(Records contained in a dataset)

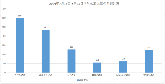 2024年7月13日-2024年8月23日后勤服务24小时联络中心接电话报修、网上报修、现场报3578单,其中学生公寓报修1799单(已完工1796单,完工率99.8%,余3单在维修中)。学生公寓报修单按类别分类:其中电气类596单、给排水类467单、木工类255单、基建类112单、冷热水阀123单、其他类246单,余下1799单由其他岗位负责完成维修。
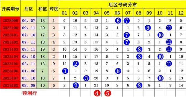 上期开出后区号码:02 08,热热组合。冷热分析:近十期,冷冷组合1次,热冷组合0次,冷热组合4次,热热组合5次,总体热冷组合出码较冷,根据图标分析,本期预测冷冷组合后区回补,关注号码:01 03 04 05 12。精准推荐:04 05。
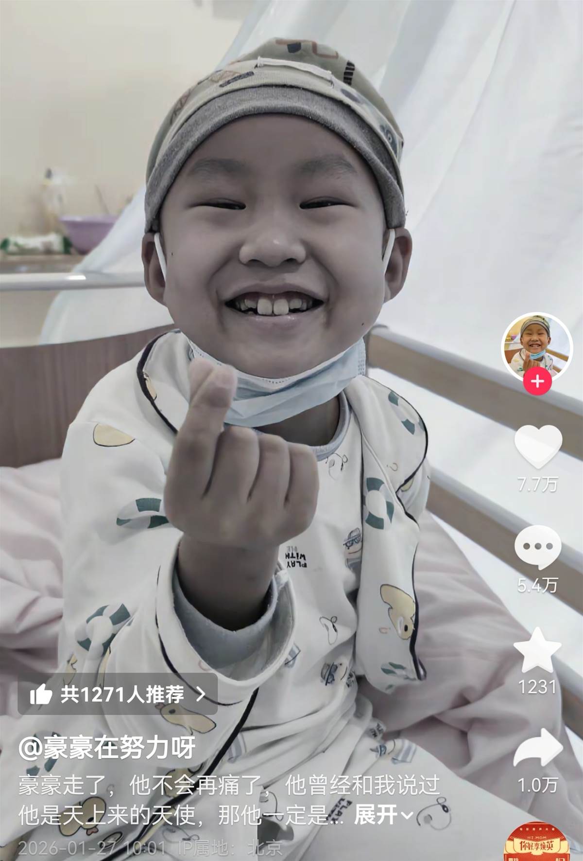 1月27日上午,豪豪的家屬在社交媒體發文,稱豪豪走了,他不會再痛了,已經去了天上當天使了……
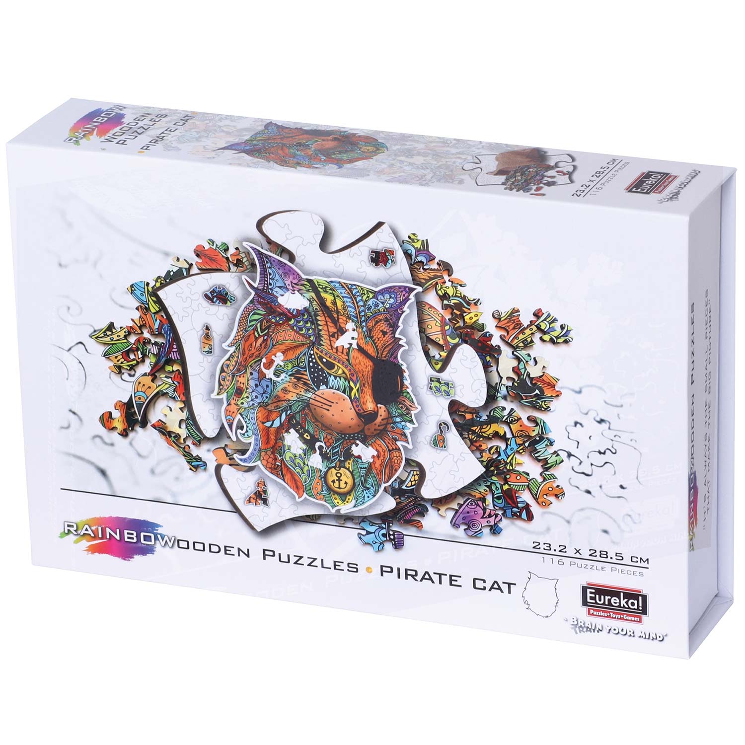 Das Rainbow Wooden Puzzle Piraten-Katze ist ein 116-teiliges Puzzle mit außergewöhnlichen Puzzleteilen.Ein ganz besonderes Puzzleerlebnis!
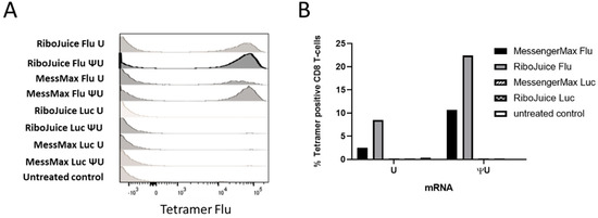 We also evaluated our lipofection-based immunomonitoring approach in an ex vivo human system. To that end, PBMCs from an HLA-A*0201 healthy donor were isolated and incubated with formulated mRNAs that encoded the influenza matrix protein M1 (Flu M1) or luciferase as a control. Formulations tested were RiboJuice mRNA and MessengerMax, which induced the greatest expression of luciferase in PBMCs and the lowest induction of IFNα (Figure 1 and Figure 2). IFNα levels were measured in supernatants from all treated groups 24 h post transfection. IFNα could be strongly induced only in groups cultured with immuno-stimulating ivt mRNA and not in groups cultured with immuno-silent mRNA (Figure S3).
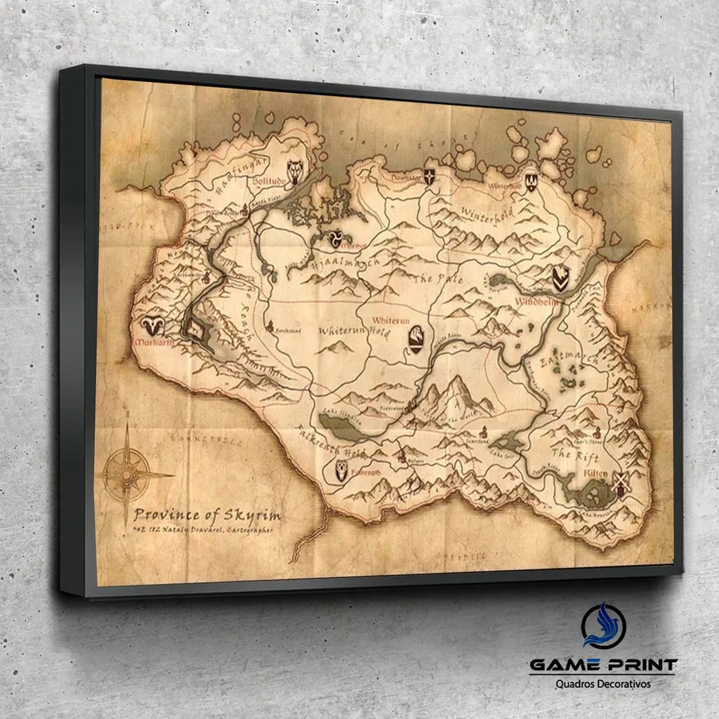 Quadro Decorativo game geek Mapa Elder Scrolls Skyrim com Moldura
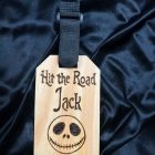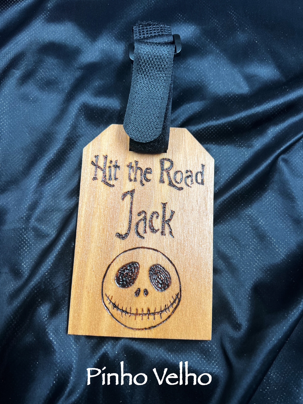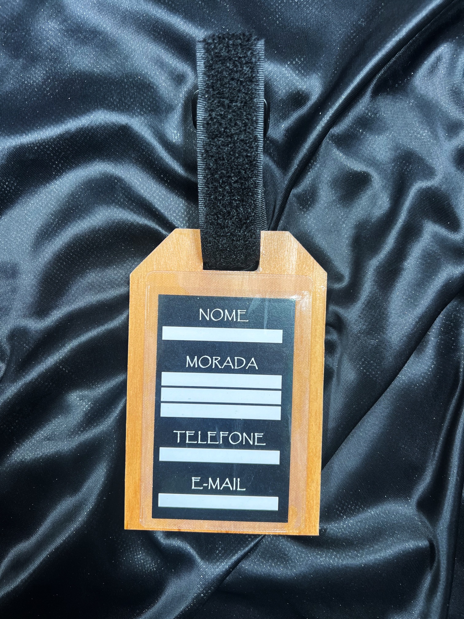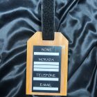 Etiqueta de bagagem feita em madeira de Pinho resistente.
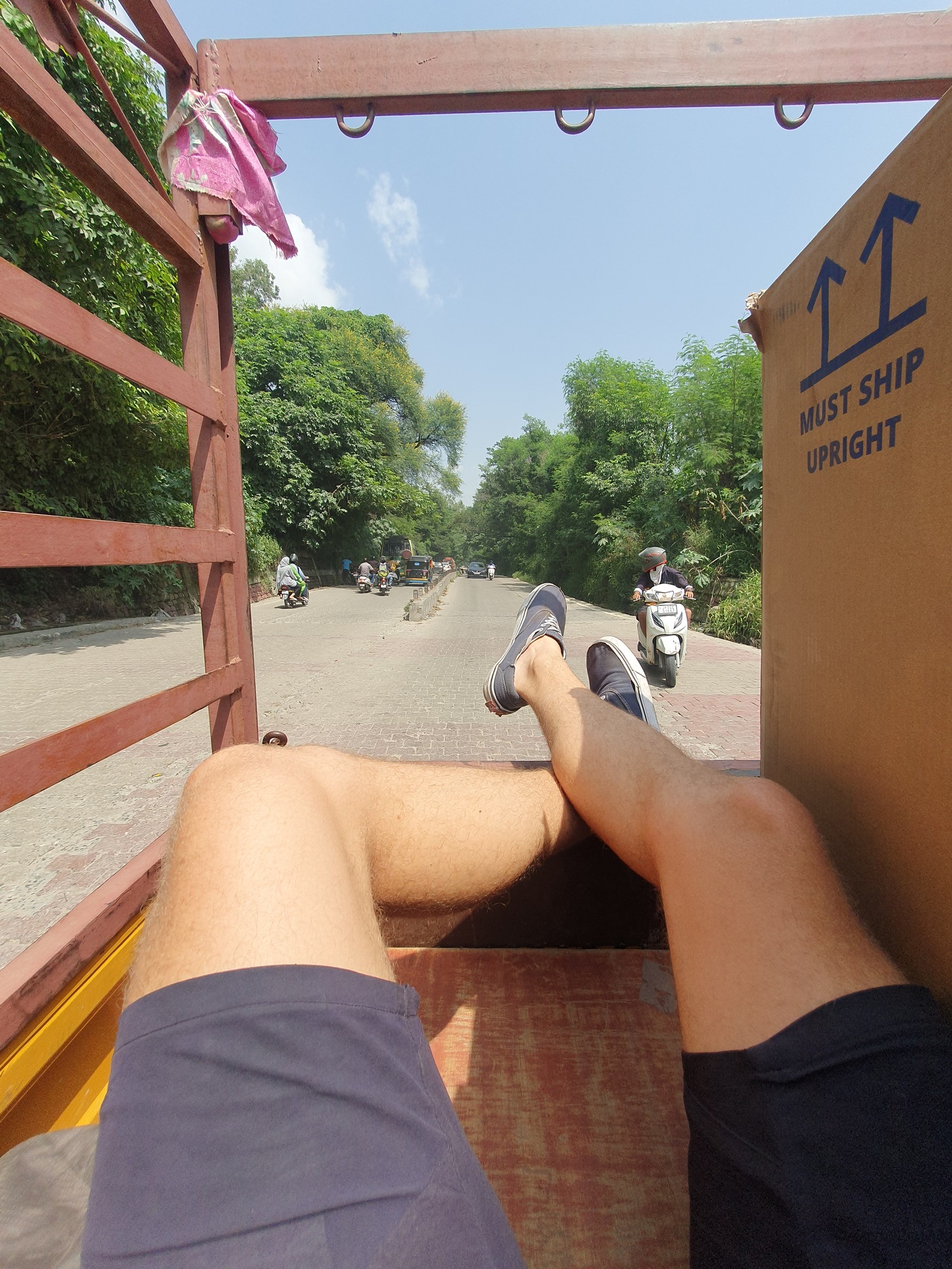 Not fancying cycling out of Delhi in August we opted to take public transport up Jammu and then to Kashmir which was an adventure in itself. The first problem was getting the bikes to the coach stop, we gave it an hour to get to the station and ordered an XL cab, the first one showed up and wouldn’t accept the bike boxes, second the same and before we knew it we had already missed the bus and wasted the money. The next day we successfully ordered a van to take our boxes, we were dropped off at the location provided and then contacted again saying that the location was wrong, there was a tuk-tuk conveniently waiting at the point provided by the coach company for a high price which felt like a huge scam. Somehow we fit three bicycle boxes on top and three of us in the tiny electric auto and arrived to the coach which wouldn’t leave for another hour anyway. Seb and I were crammed into a small box room and Nabil shared with a stranger, It was clear they are not designed with tall Europeans in mind so the next 16 hour drive was a little cramped.

**Instructions for the task:** Copy exactly, without pictures, the lines above from the one with "We also evaluated" down to the one with "Etiqueta de bagagem", inclusive.

**Expected answer:**
 We also evaluated our lipofection-based immunomonitoring approach in an ex vivo human system. To that end, PBMCs from an HLA-A*0201 healthy donor were isolated and incubated with formulated mRNAs that encoded the influenza matrix protein M1 (Flu M1) or luciferase as a control. Formulations tested were RiboJuice mRNA and MessengerMax, which induced the greatest expression of luciferase in PBMCs and the lowest induction of IFNα (Figure 1 and Figure 2). IFNα levels were measured in supernatants from all treated groups 24 h post transfection. IFNα could be strongly induced only in groups cultured with immuno-stimulating ivt mRNA and not in groups cultured with immuno-silent mRNA (Figure S3).
 Quadro Decorativo game geek Mapa Elder Scrolls Skyrim com Moldura
 Etiqueta de bagagem feita em madeira de Pinho resistente.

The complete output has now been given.